The first day would be a busy one. I should call to all my dear friends and look long into their faces, imprinting upon my mind the outward evidences of the beauty that is within them. I should let my eyes rest, too, on the face of a baby, so that I could catch a vision of the eager, innocent beauty which precedes the individual’s consciousness of the conflicts which life develops.

And I should like to look into the loyal, trusting eyes of my dogs—the grave, canny little Scottie, Darkie, and the stalwart, understanding Great Dane, Helga, whose warm, tender, and playful friendships are so comforting to me.
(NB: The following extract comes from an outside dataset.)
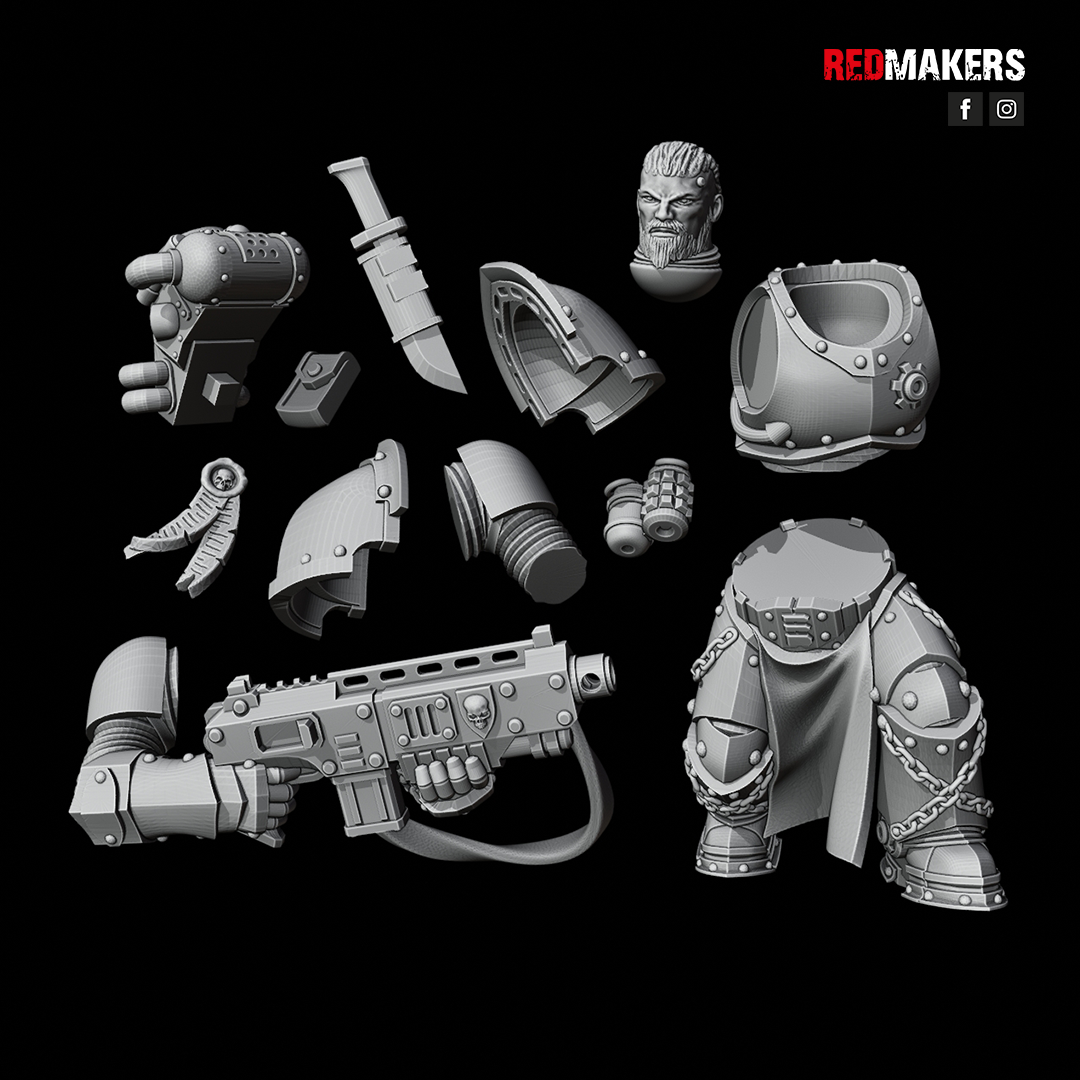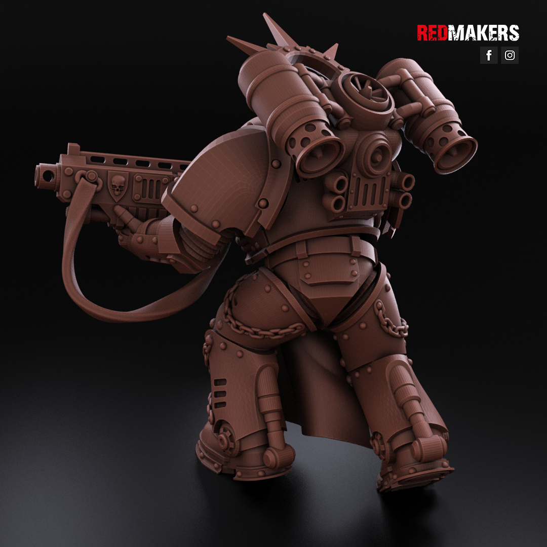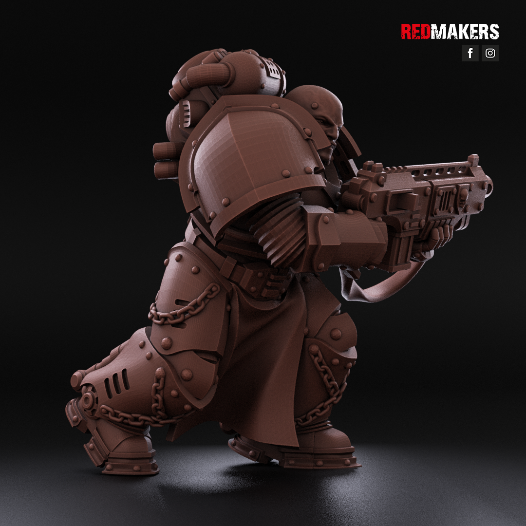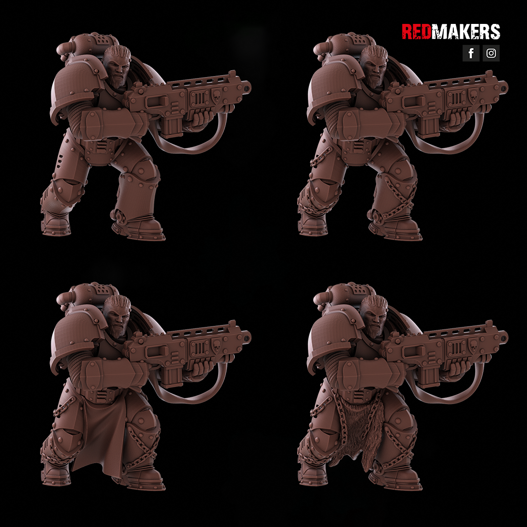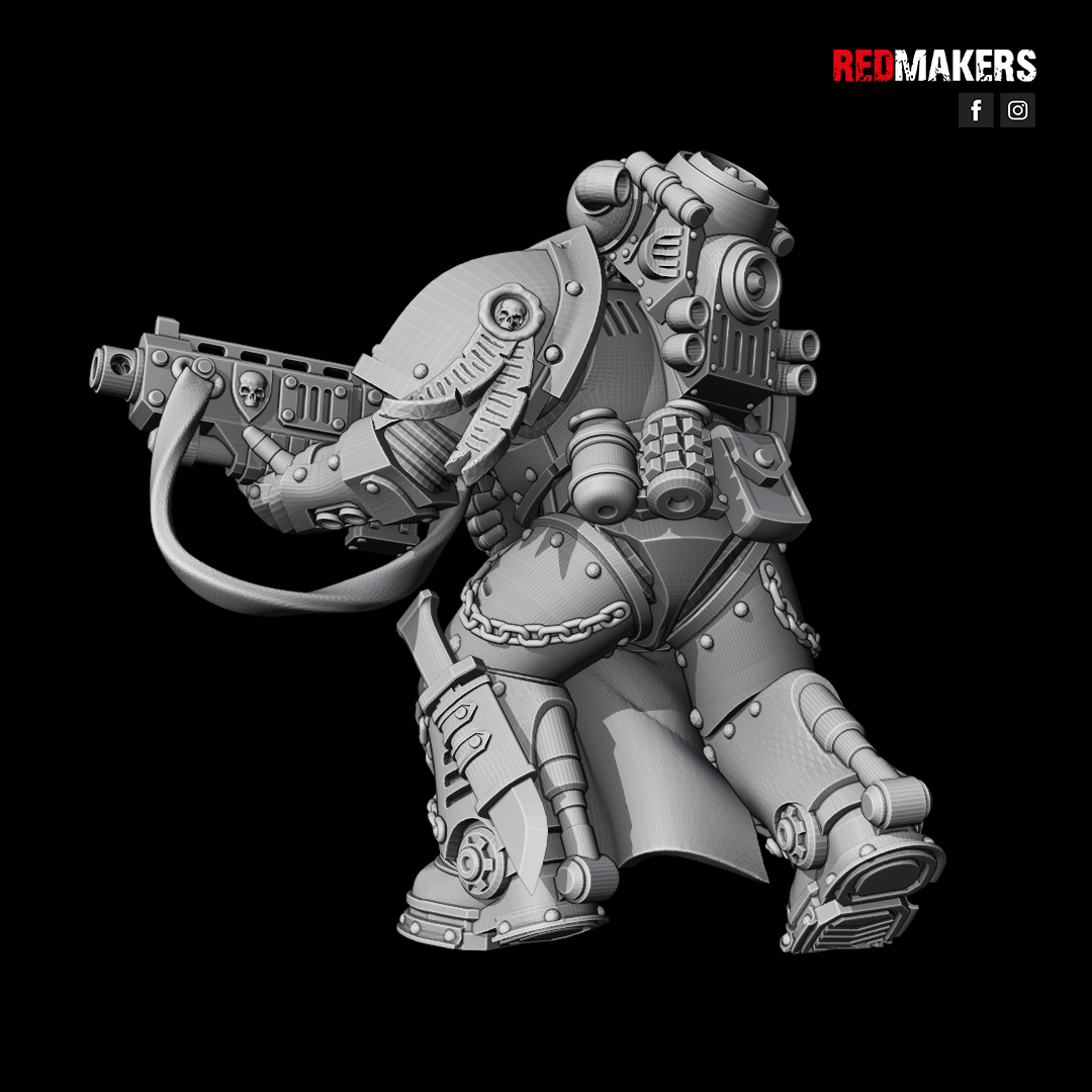 The design of these unit is driven by the need to create warrior in a heavy armor suit in a sci-fi style. The shape of the armor is a consequence of the anatomical features of the human body, as well as the need to use it in motion. Any resemblance to other characters is purely coincidental.

On that busy first day I should also view the small simple things of my home. I want to see the warm colors in the rugs under my feet, the pictures on the walls, the intimate trifles that transform a house into home. My eyes would rest respectfully on the books in raised type which I have read, but they would be more eagerly interested in the printed books which seeing people can read, for during the long night of my life the books I have read and those which have been read to me have built themselves into a great shining lighthouse, revealing to me the deepest channels of human life and the human spirit.

In the afternoon of that first seeing day, I should take a long walk in the woods and intoxicate my eyes on the beauties of the world of Nature trying desperately to absorb in a few hours the vast splendor which is constantly unfolding itself to those who can see. On the way home from my woodland jaunt, my path would lie near a farm so that I might see the patient horses ploughing in the field (perhaps I should see only a tractor! ), and the serene content of men living close to the soil. And I should pray for the glory of a colorful sunset.

When dusk had fallen, I should experience the double delight of being able to see by artificial light which the genius of man has created to extend the power of his sight when Nature decrees darkness.

In the night of that first day of sight, I should not be able to sleep, so full would be my mind of the memories of the day.